第3話 恋活アプリ

恋活アプリをはじめてみると、自分が構えていたほど堅いものではなく気軽にやり取り出来るものだった。そのアプリを通してメールが出来た。簡単に気軽にやり取り出来るからこそ、軽々しい男もいた。2、3通やり取りをして「今日ドライブいかへん?」。こいつは馬鹿なのかと思った。そういう男の考えてることは一つだろう。純粋な女心を踏みにじる野郎は最低だ。


男という生き物は「毎日中華料理を食べてたら飽きるやろ?」という感覚で浮気をするらしい。昨日中華料理だったから今日は和食。明日はフレンチ。食べ物に関しては共感の出来る話だ。男は女を食べ物という目でしか見ていないのかと思った。だから恋活アプリにも、既婚者や彼女がいる人もたくさんいるのかもしれない。今となってはそう思う。


アプリをはじめて色々と話をしてくれる人が一人現れた。彼のプロフィールは他の人とは違い、自分のことを丁寧に書いていた。だからわたしも興味を持った。

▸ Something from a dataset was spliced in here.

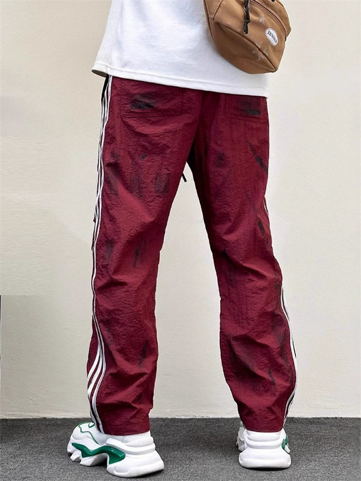 Men's Summer Distressed Letter-Print Side Stripe Track Pants

「僕はマリッジリングを作る仕事と作家をしています。高校生の頃まで、オーストラリアで住んでいました。音楽はaikoさんが好きです。本も好きで、主に西加奈子さんが好きです。」


わたしの話になってしまうが、わたしは歌手のaikoさんが大好きだ。彼女の歌う曲も、歌詞の世界観も、人柄も、ファッションも、すべて大好きだ。ファンクラブにも入っている。だからこの「aikoさんが好き」というところだけでわたしの中で好印象だったのだ。


わたしはプロフィールには「水族館や動物園、ディズニーランドとシーも好き」ということを主に書いていた。だから彼は気を使ってその話をたくさんしようとしてくれた。だけどわたしが話をしたかったのは「aikoさん」なのだ。


「aiko好きなんですか?」そう聞くとやはり話が弾んだ。近々行われるツアーのこと、好きな曲、ラジオのこと。話が尽きなかった。楽しかった。そして「よかったらごはんでも行きませんか?」と。一度食事くらいしてみよう。わたしもそう思った。


食事に行く日を決めた。彼が会うときに緊張してしまうので、緊張を和らげるために何回か電話をしようと言って電話をすることになった。電話では思った以上に話が弾んだ。さらに色々話をした。仕事のこと、過去の恋愛のこと。わたしは嘘をつけないタイプで、すらすらと自分の話をした。


過去の恋愛といえば、金貸せバンドマンに浮気男。ろくな恋愛をしてこなかった。だから今となっては駄目なことだと気付いているが、この時は自分の弱みを握られるとは考えておらず、簡単に弱さを相手に出してしまっていたのだ。


そして、それからも何度か電話をして、はじめて会う日がやってきた。